If only he had troops he knew by name, and could rely on.

40
.
The Wind and Intransigence

UNLIKE KEIKI
, who had come down from Edo in a large and excellent navel vessel, Kyuzo, accompanied by his new apprentice, Ichiro, had traveled to Shimoda in a terrible open boat and ridden ashore in a barge with a dozen bedraggled and penniless samurai. There were other boats by the hundreds on the bay around them, small ones and large ones crowded with curious onlookers. The American fleet stood three hundred feet off shore, anchored with a majesty more likely to be attached to a visiting city—Ned's image had been right!—than to any of the ships the Japanese were used to seeing.

Before leaving Odawara Kyuzo had had a short meeting with Lord Okubo, and an even shorter one with his beloved Tsune. Lord Okubo had told him that at all costs he must appear business-like, even cordial, to Ueno should he find him. He should do nothing to exact revenge in the Okubo family name, but only look about smartly and collect information that might be helpful to them in the coming fight. And Tsune had told him that he should go immediately to Rendaiji Temple, find Keiki and retrieve that marriage proposal, which might, she believed, still solve everything.

It was late afternoon when they arrived, and men with government crests on their robes chatted and laughed, going in and out of bars and greeting each other far more cordially than they ever would have done in Edo.

“It's a throwback to the old days,” Kyuzo said. “Would you look at these guys? They act like everyone in Japan is fully employed, like nothing's changed since the days of Tokugawa Ieyasu.”

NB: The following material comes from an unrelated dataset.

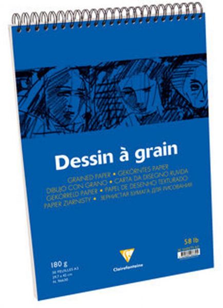 Блокнот Dessin a grain для черчения и рисования, белая зернистая бумага, 29,7х42 см, на спирали, 30 листов, 180 гр. , для работы карандашом, сангиной, углем, тушью, акварелью и гуашью

They had left the waterfront and were standing at the intersection of two streets, under brightly colored banners. The same wind that had battered their boat on its way down from Odawara was snapping the banners, making sounds like small-calibre pistol shots. Both men were hungry and would not have refused a few cups of saké to settle their stomachs, but Ichiro's hair had come undone during the voyage and he wanted to step in somewhere first and have it combed, so he wouldn't have to greet Keiki looking bad. His hair was thick and full, with no part of his head shaved, as was the fashion. Kyuzo's hair, by contrast, had thinned over the years, yet somehow rode the wind as if it were sculpted out of stone. He cuffed Ichiro's cheek and said, “I don't know why we have such difficult
styles. When you
first saw the Americans did you not notice the efficient shortness of their hair? That's what I
will do if I survive this
current trouble. Wear an American hair style!”